The more intensive treatment regimen used on AREN0321 improved EFS and OS overall, a result driven by patients with Stage I/II disease. Despite this improvement, outcomes for patients with rhabdoid tumor remain unsatisfactory and there is a need for novel therapeutic strategies.

摘要

目的

国家肾母细胞瘤研究-5(NWTS-5)和AREN0321评估了肾横纹肌样瘤(RTK)和软组织恶性横纹肌样瘤(MRT)患儿的治疗结果。

患者与方法

符合条件的RTK患者前瞻性纳入NWTS-5(1995 - 2002年),接受卡铂和依托泊苷交替环磷酰胺治疗(RTK方案)。RTK或MRT患者纳入AREN0321(2005 - 2012年),接受长春新碱、阿霉素和环磷酰胺交替卡铂、环磷酰胺和依托泊苷治疗(UH-1方案或剂量降低的修订UH-1方案)。我们报告了每项研究的无事件生存期(EFS)和总生存期(OS)。

结果

30例患者在NWTS-5接受RTK方案治疗;在AREN0321中,20例接受UH-1方案,19例接受修订UH-1方案。各研究间患者和疾病特征在统计学上相似。
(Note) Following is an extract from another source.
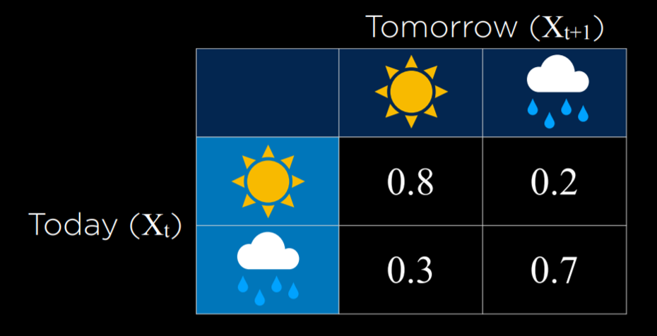 $。为了便于解释,这些值有一个固定的顺序(在我们的情况下,准时、延迟、取消)。 ### 独立性(Independence) - 独立性是指一个事件的发生不会影响另一个事件发生的概率。例如,当掷两个骰子时,每个骰子的结果与另一个骰子的结果是独立的。用第一个骰子掷出 4 不会影响我们掷出的第二个骰子的值。这与依赖事件相反,比如早上的云和下午的雨。如果早上多云,下午更有可能下雨,所以这些事件是有依赖性的。 - 独立性可以用数学定义:事件$a$和$b$是独立的,当且仅当$a$并且$b$的概率等于$a$的概率乘以$b$的概率:$P(a∧b)=P(a)P(b)$。 ## 贝叶斯规则(Bayes’ Rule) - 贝叶斯规则在概率论中常用来计算条件概率。换句话说,贝叶斯规则说,给定$b$条件下$a$的概率等于给定$a$的条件下$b$概率,乘以$b$的概率除以$a$ 的概率。 - $P(b|a)=\frac{P(a|b)P(b)}{P(a)}$ - 例如,如果早上有云,我们想计算下午下雨的概率,或者$P(雨|云)$。我们从以下信息开始: - 80% 的雨天下午开始于多云的早晨,或$P(云|雨)$。 - 40% 的日子早晨多云,或$P(云)$。 - 10% 的日子有下雨的下午,或$P(雨)$。 - 应用贝叶斯规则,我们计算$\frac{0.8*0.1}{0.4}=0.2$。也就是说,考虑到早上多云,下午下雨的可能性是 20%。 - 除了$P(a)$和$P(b)$之外,知道$P(a|b)$还允许我们计算$P(b|a)$。这是有帮助的,因为知道给定未知原因的可见效应的条件概率$P(可见效应|未知原因)$,可以让我们计算给定可见效应的未知原因的概率$P(未知原因|可见效应)$。例如,我们可以通过医学试验来学习$P(医学测试结果|疾病)$,在医学试验中,我们对患有该疾病的人进行测试,并观察测试结果发生的频率。知道了这一点,我们就可以计算出$P(疾病|医学检测结果)$,这是有价值的诊断信息。 ## 联合概率(Joint Probability) - 联合概率是指多个事件全部发生的可能性。 - 让我们考虑下面的例子,关于早上有云,下午有雨的概率。 | C=云 | C=$\lnot$云 | | ---- | ----------- | | 0.4 | 0.6 | | R=雨 | R=$\lnot$雨 | | ---- | ----------- | | 0.1 | 0.9 | - 从这些数据来看,我们无法判断早上的云是否与下午下雨的可能性有关。为了做到这一点,我们需要看看这两个变量所有可能结果的联合概率。我们可以将其表示在下表中: | | R=雨 | R=$\lnot$ 雨 | | ----------- | ---- | ------------ | | C=云 | 0.08 | 0.32 | | C=$\lnot$云 | 0.02 | 0.58 | - 现在我们可以知道有关这些事件同时发生的信息了。例如,我们知道某一天早上有云,下午有雨的概率是 0.08。早上没有云,下午没有雨的概率是 0.58。 - 使用联合概率,我们可以推导出条件概率。例如,如果我们感兴趣的是在下午下雨的情况下,早上云层的概率分布。$P(C|雨)=\frac{P(C,雨)}{P(雨)}$旁注:在概率上,逗号和$∧$可以互换使用。因此,$P(C,雨)=P(C\land 雨)$。换句话说,我们将降雨和云层的联合概率除以降雨的概率。 - 在最后一个方程中,可以将$P(雨)$视为$P(C,雨)$乘以的某个常数$\alpha=\frac{1}{P(雨)}$。因此,我们可以重写$P(C|雨)=\frac{P(C,雨)}{P(雨)}=αP(C,雨)$,或$α<0.08,0.02>=<0.8,0.2>$。考虑到下午有雨,将$α$分解后,我们可以得到 C 的可能值的概率比例。也就是说,如果下午有雨,那么早上有云和早上没有云的概率的比例是$0.08:0.02$。请注意,0.08 和 0.02 的总和不等于 1;然而,由于这是随机变量 C 的概率分布,我们知道它们应该加起来为 1。因此,我们需要通过算$α$来归一化这些值,使得$α0.08+α0.02=1$。最后,我们可以说$P(C|雨)=<0.8,0.2>$。 ## 概率规则(Probability Rules) - 否定(Negation): $P(\lnot a)=1-P(a)$。这源于这样一个事实,即所有可能世界的概率之和为 1,互补事件$\lnot a$和 $a$ 包括所有可能世界。 - 包含-排除 Inclusion-Exclusion:$P(a\lor b)=P(a)+P(b)-P(a\land b)$。这可以用以下方式解释:$a$或$b$为真的世界等于$a$为真的所有世界,加上$b$为真的所有世界。然而,在这种情况下,有些世界被计算两次(a和$b$都为真的世界)。为了消除这种重叠,我们将$a$和$b$ 都为真的世界减去一次(因为它们被计算了两次)。 > 下面是一个例子,可以说明这一点。假设我 80% 的时间吃冰淇淋,70% 的时间吃饼干。如果我们计算今天我吃冰淇淋或饼干的概率,不减去$P(冰淇淋∧饼干)$,我们错误地得出 0.7+0.8=1.5。这与概率在 0 和 1 之间的公理相矛盾。为了纠正我同时吃冰淇淋和饼干的天数计算两次的错误,我们需要减去$P(冰淇淋∧饼干)$一次。 - 边缘化(Marginalization):$P(a)=P(a,b)+P(a,\lnot b)$。这里的观点是,$b$和$\lnot b$是独立的概率。也就是说,$b$和$\lnot b$同时发生的概率为0。我们也知道$b$和$\lnot b$的总和为1。因此,当$a$发生时,$b$可以发生也可以不发生。当我们把$a$和$b$发生的概率加上$a$和$\lnot b$的概率时,我们得到的只是$a$ 的概率。 - 随机变量的边缘化可以用:$P(X=x_i)=\sum_jP(X=x_i,Y=y_j)$表示 - 方程的左侧表示“随机变量$X$具有$x_i$值的概率” 例如,对于我们前面提到的变量C,两个可能的值是早上有云和早上没有云。等式的正确部分是边缘化的概念。$P(X=x_i)$等于$x_i$以及随机变量$Y$的每一个值的所有联合概率之和。例如,$P(C=云)=P(C=云,R=雨)+P(C=云,R=\lnot 雨)=0.08+0.32=0.4$。 - 条件边缘化: $P(a)=P(a|b)P(b)+P(a|\lnot b)P(\lnot b)$。这是一个类似于边缘化的想法。事件$a$发生的概率等于给定$b$的概率乘以$b$的概率,再加上给定$\lnot b$的概率乘以$\lnot b$ 的概率。 - $P(X=x_i)=\sum_jP(X=x_i|Y=y_i)P(Y=y_i)$ - 在这个公式中,随机变量$X$取$x_i$值概率等于$x_i$以及随机变量$Y$的每个值的联合概率乘

与NWTS-5的患者相比,AREN0321的患者EFS和OS有显著改善(4年EFS = 23.1%对16.7%;p = 0.020;4年OS = 30.6%对20.0%;p = 0.014),主要由I/II期疾病患者驱动(p = 0.05)。NWTS-5上事件发生的中位时间为3.6个月,而AREN0321为7.2个月。在AREN0321上,修订后的与原UH-1方案相比,以及合并研究时肾原发性疾病与肾外原发性疾病相比,EFS或OS均无差异。

结论

AREN0321使用的更强化治疗方案总体上改善了EFS和OS,这一结果由I/II期疾病患者驱动。尽管有此改善,横纹肌样瘤患者的治疗结果仍不令人满意,需要新的治疗策略。